Our first task was to distribute fragments of the studied program code for more than 200 students. For this, a special parameterized program fragment was constructed.

figure a

A specific variant for each student was given by a set of parameter values \(l1, \ldots , l8\). Some of these parameters took only the values 0 or 1, which corresponds to the presence or absence of an information dependence for the corresponding measurement, other parameters could take other values to specify different types of dependencies. In total, the number of variants exceeded the number of students in the course, so each student received an individual option for research.

In addition to constructing an information graph, students were required to investigate a number of properties:

  • The number of vertices in the information graph of a fragment (sequential complexity).

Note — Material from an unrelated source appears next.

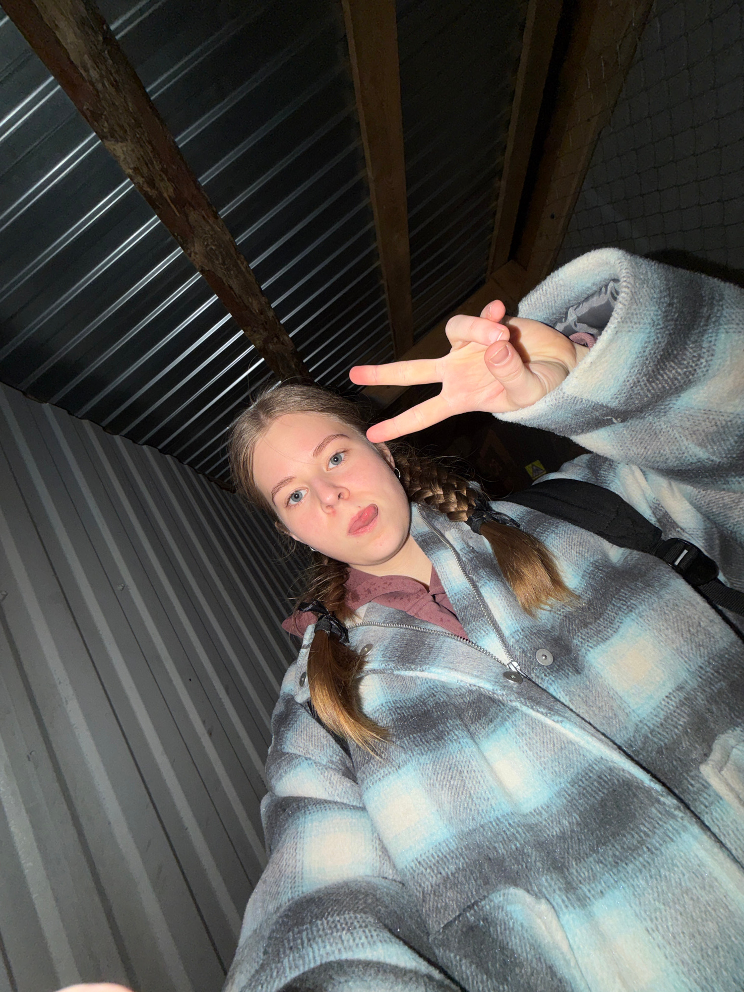 The image is taken at an angle from below, showing a young woman in a gray and blue plaid jacket. She is making a peace sign with her left hand. Her hair is in braids, and she is looking down at the c…read more

  • The length of the critical path in the information graph (parallel complexity).

  • The width of the level parallel form (with explanations for which specific LPF the value of the width is given).

  • Maximum depth of nesting cycles.

  • The number of different types of arcs (the type of arcs is determined by the direction vector and length).

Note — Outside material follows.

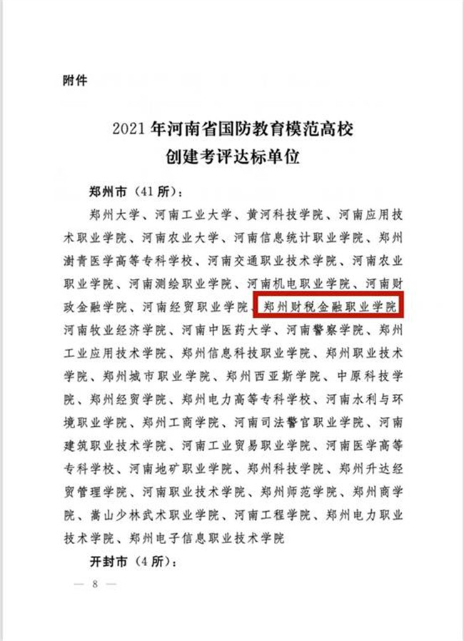 鄭州財(cái)稅金融職業(yè)學(xué)院被評為2021年河南省國防教育模范高校創(chuàng)建考評達(dá)標(biāo)單位

  • The presence of long arcs (i.e. arcs whose length depends on external parameters).

  • The number of regularity areas in the information graph. A region of regularity is a set of vertices of a graph from which arcs of the same type come from (arcs of different types can come from one region of regularity).

After the study, it was necessary to mark parallel loops of the given program fragment using the OpenMP directive   [29].

Students were not provided with a ready-made tool for constructing and analyzing an informational graph of a fragment. Therefore, the reports accepted any images of information graphs—both those built in any graphics editor, as well as hand-drawn on a sheet of paper and scanned. The main thing was to correctly display the information structure of the fragment under consideration and determine its properties. Not all students did this right away; some had to redo their reports several times to achieve an acceptable result. Figure 3 shows the information graph of one of the variants, obtained using the AlgoView  [30, 31] software tool.

Fig. 3.
figure 3

Information graph of one variant

These assignments were carried out by 183 students, the results are shown in Table 4.

Table 4. Final assessments (2019)

3 Conclusions

Thus, as a part of the course “Supercomputing Simulation and Technologies”, the design of a system of assignments aimed at developing skills of efficient use of parallel computing systems is carried out. Different options for practical assignments had varying complexity and were aimed at developing different practical skills. Multiple iterations students-teachers and bringing the report on the practical assignments to a decent state requires students to learn the concepts deeply and thoroughly. The use of modern supercomputer technology prepares students for future work in various areas of the modern science, commerce and industry. The considered system of practical assignments in its current form has proved to be useful, and we are going to develop it further in the framework of this course.